2020 (up to October)
1. F-Secure............(4_______1)
2. Norton...............(6_______2)
3. Kaspersky.........(4_______5)
4. Avast..................(11______2)
5. Microsoft..........(24_____12)
6. Avira...................(27_____17)
7. McAfee..............(41______7)
8. TrendMicro......(4_____257)

The randomness of most AVs is obvious. For example:

• In the year 2019 F-Secure and Kaspersky were behind Avira and Microsoft. In the year 2020 the opposite is true.
• In the year 2019 Trend Micro was close to the top and in the year 2020 it was the last one.
• Only Norton was consistently close to the top and McAfee consistently close to the bottom.

 

[Andy Ful]

These tests are baffling me up to extreme. Trend Micro uses more aggressive reputation checks than Norton and what I see as results doesn't match the results on my tests at all. I am unsure to what the random factor is.
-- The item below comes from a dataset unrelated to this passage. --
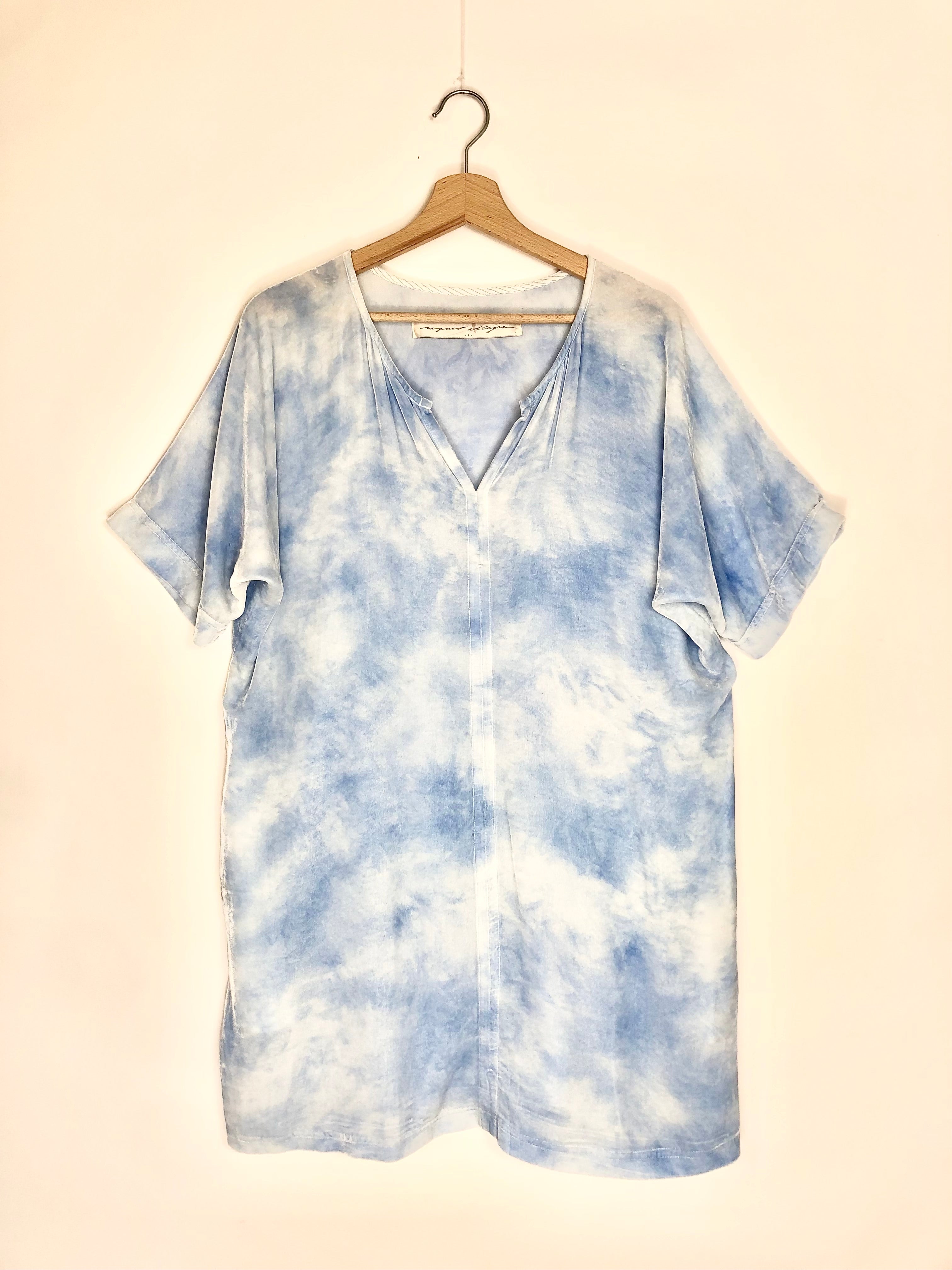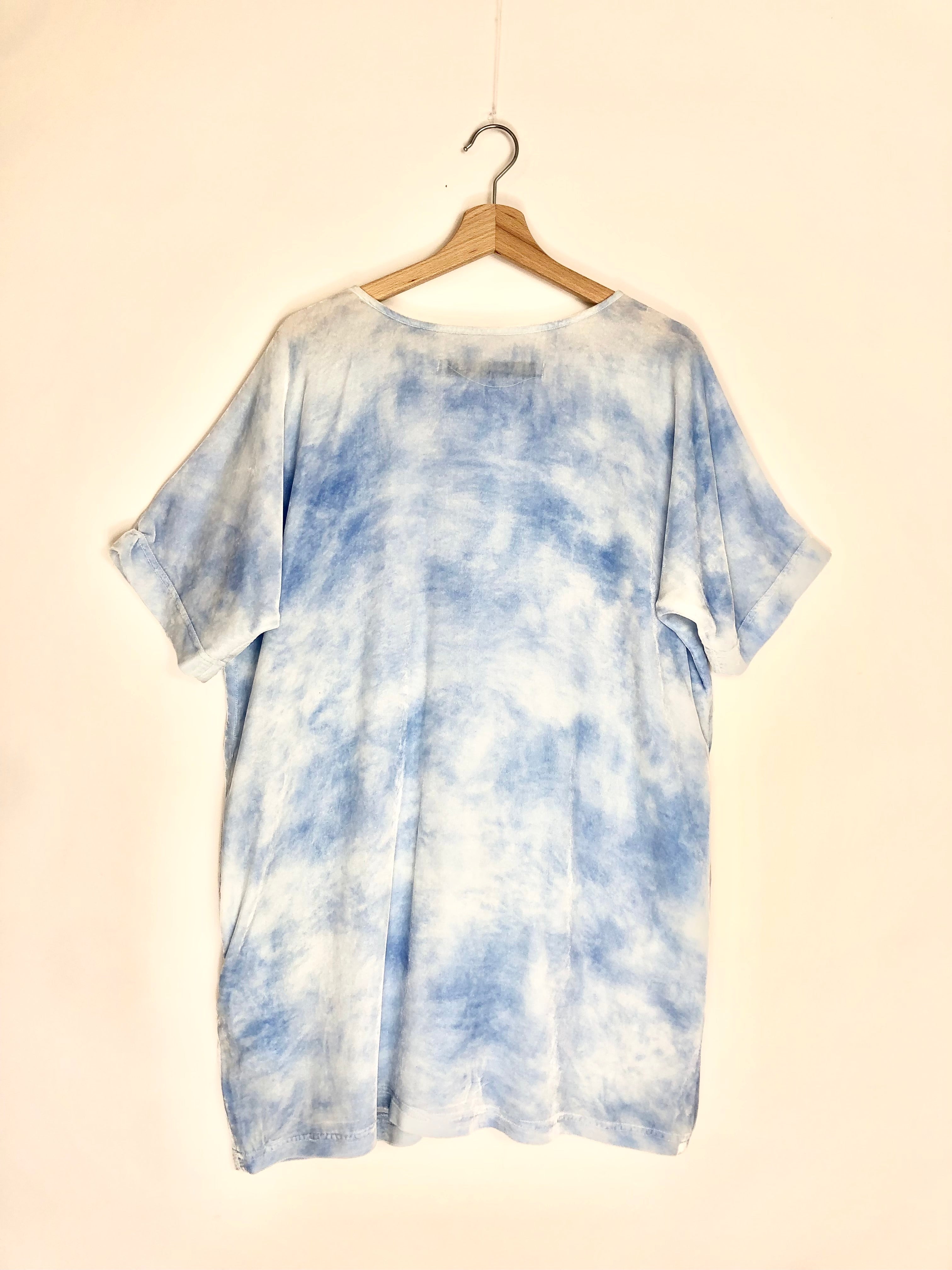 Sky Blue Tie Dyed Velvet Shift Mini Dress / RAQUEL ALLEGRA - Size 1

1. From time to time any AV can sporadically miss many samples. That is obvious when one chooses several thousands of samples (about 0.1% of samples in the wild) from several millions of samples.
2. In the year 2020 Trend Micro had the lowest false-positives rate among all AVs (and missed many samples). In the year 2019, the false-positives rate was the worst (and the protection was among the best).
3. If Trend Micro has got the top web-protection then the customers could be protected if the missed samples were web-originated in the wild. Other AVs (with worse web-protection) could be bypassed in 0-day in the wild, and when tested by AV-Comparatives in Malware Protection test, these samples could be already detected by signatures.

The test results cannot be easily translated to the AV protection in the wild.